The two-point slopes provide an easily interpretable approximation to how the population progresses with regard to FEV₁%p decline, but statistical models that can incorporate the aforementioned nonlinearity, as well as covariate information (e.g., weight-for-age percentile), between-subject variation and longitudinal correlation, are needed to characterize observed FEV₁%p decline in the individual patient and forecast disease progression. Although such models require assumptions, insights may be gained about individualized fluctuations in FEV₁%p and predictions, possibly improving the ability to forecast subsequent FEV₁%p decline. A previous study of the Danish Cystic Fibrosis Patient Registry, which the authors cited, incorporated stochastic variation in FEV₁%p response in the form of model covariance to improve predictive accuracy.³

The authors’ work provides new epidemiological insight into the population-based predictive utility of observed lung function decline. To gain understanding of how this work could be translated into clinical settings or used to plan clinical trials, it may be helpful to consider dynamic models targeted at predicting individual FEV₁% p progression. The collection of longitudinal FEV₁%p data on a given CF patient may be thought of as a time series.
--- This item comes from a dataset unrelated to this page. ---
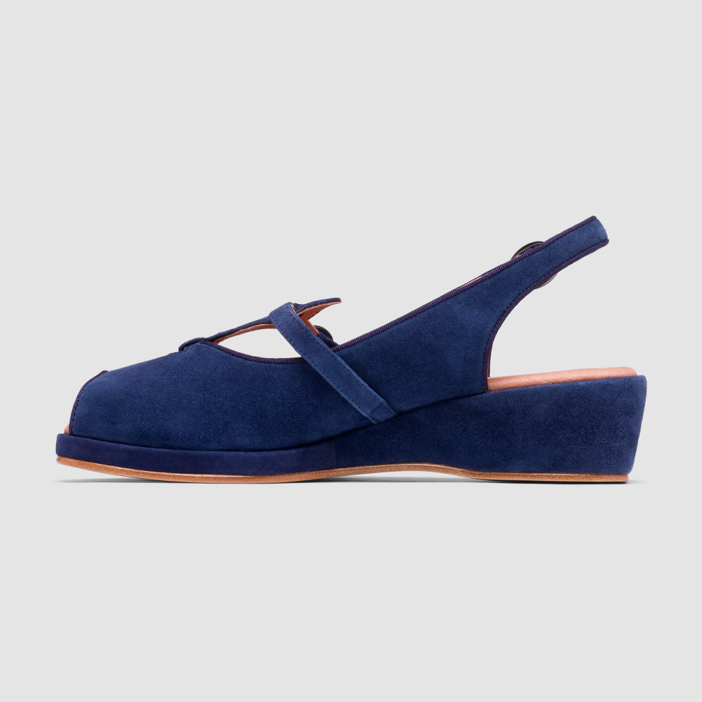 Your search for the perfect slingback sandal is over. Meet Betty, the vintage reproduction sandal that can take you from sand to city, from poolside to the dance floor. Based on an original pair of 1940s sandals from our collection, Betty has just the right amount of coverage for a wear-anywhere sandal. Betty features a brand-new, custom wedge heel that measures 2" in the heel, and a 5/8"/ 1.6 cm platform under the toe box. With a leather lining and smooth leather or suede uppers, Betty will keep you cool and comfortable- and stylish!

This composition of FEV₁%p fluctuations are often viewed as a nuisance in epidemiologic studies, but are often of great interest for individual predictions. For example, in a clinical setting, it may be advantageous to model the complete observed time series of individual CF patients, as opposed to maximum or average FEV₁%p calculated annually or quarterly. Statistical models allow for “borrowing” of information across CF patients’ longitudinal courses although utilizing all observed data on the patient of interest, and can more accurately forecast the patient’s FEV₁%p progression over a subsequent time frame of interest (e.g., time of next quarterly clinic visit), compared to selecting only the maximum FEV₁%p value per year and using this value to assess individual progression.
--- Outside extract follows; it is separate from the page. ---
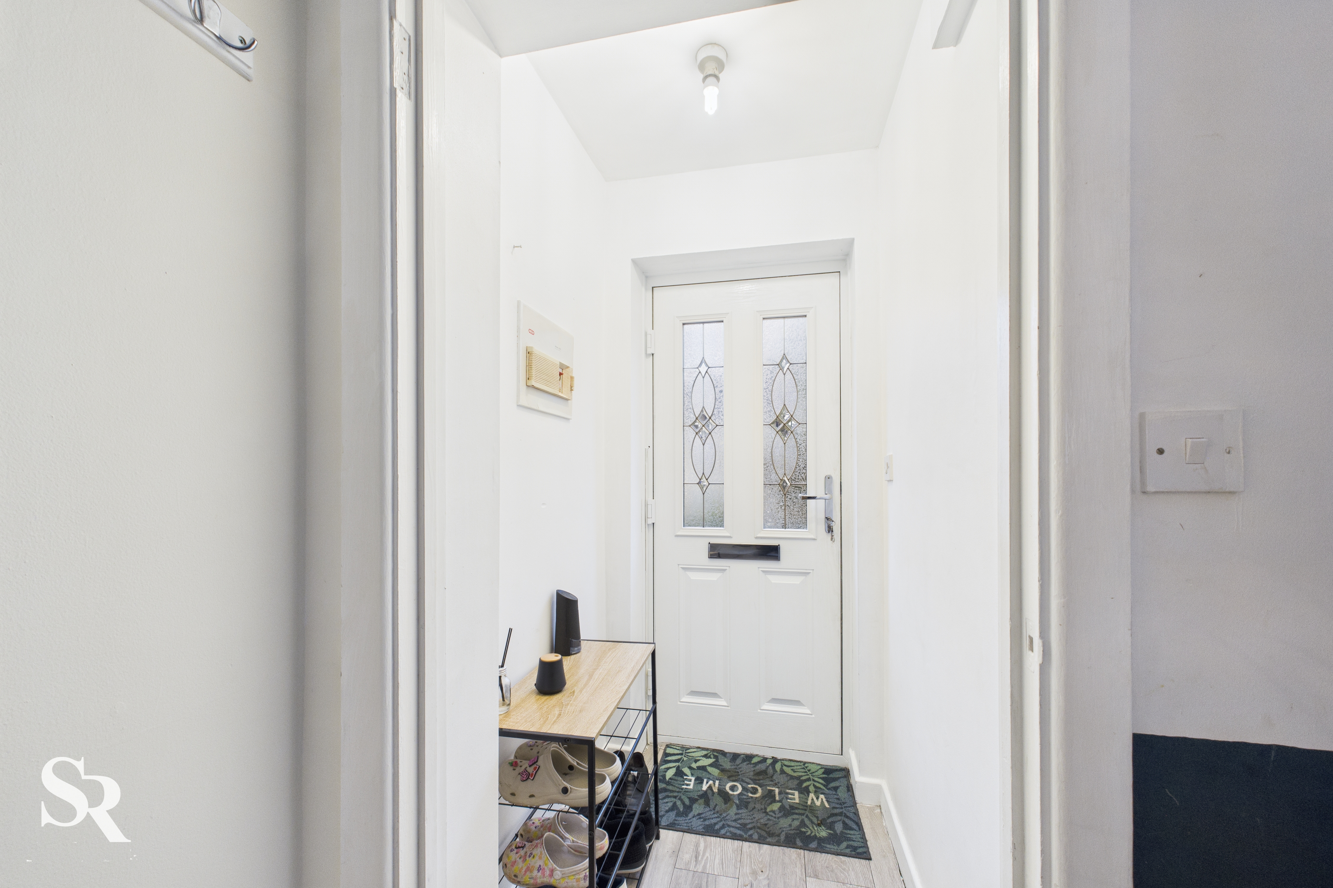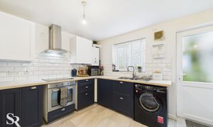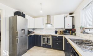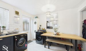 A stylish, functional space featuring laminate flooring and fitted with a range of modern wall and base units, complemented by a subway tile splashback. Integrated appliances include an under-counter oven/grill, four-plate electric hob, and extractor fan. There is space for an upright fridge/freezer and one under-counter appliance. A uPVC window (with a Venetian blind) and a uPVC door with privacy glass provide light and rear access. Includes a useful under-stairs storage area.

Another issue mentioned by the authors and reported in the previously referenced studies is survival bias. This induces a type of informative dropout that is a difficult statistical issue to address. In order to account for survival bias and simultaneously improve predictive accuracy, many analysts jointly model the longitudinal and time-to-event data. Indeed, an application involving a joint longitudinal FEV₁%p-survival model of CF patient data has been presented by one of the authors and his colleagues.⁴ The longitudinal FEV₁%p submodel that results from this type of approach is adjusted for survival bias and may be used to more accurately forecast FEV₁%p progression, including individual FEV₁%p data points and other features, such as rate of decline. Joint models are widespread in the statistical literature but have made somewhat limited appearances in the clinical literature. This may be due in part to the computational drawbacks.

Regardless of whether FEV₁%p (level or slope) predictions are obtained from a dynamic model or an aggregate calculation of observed data, the quality and stability of the predictions must be examined. The authors use Pearson correlation coefficient estimates to quantify the level of predictive value, but other measures, such as mean squared error (commonly referred to as MSE) or average predicted squared error in the case of more complex longitudinal models and forecasting, are often employed for this purpose.⁵

Assessing the predictive utility of lung function decline can be approached in numerous ways, beginning with how to operationalize the rate of decline and ending with evaluating forecasting ability and clinical interpretation. The authors’ work provides additional insights and a path forward to further investigate the predictive utility of rate of decline in lung function, however it is operationalized or measured, in CF. Furthermore, this work demonstrates the need to translate existing statistical approaches that account for bias and other issues into CF clinical practice and trials planning.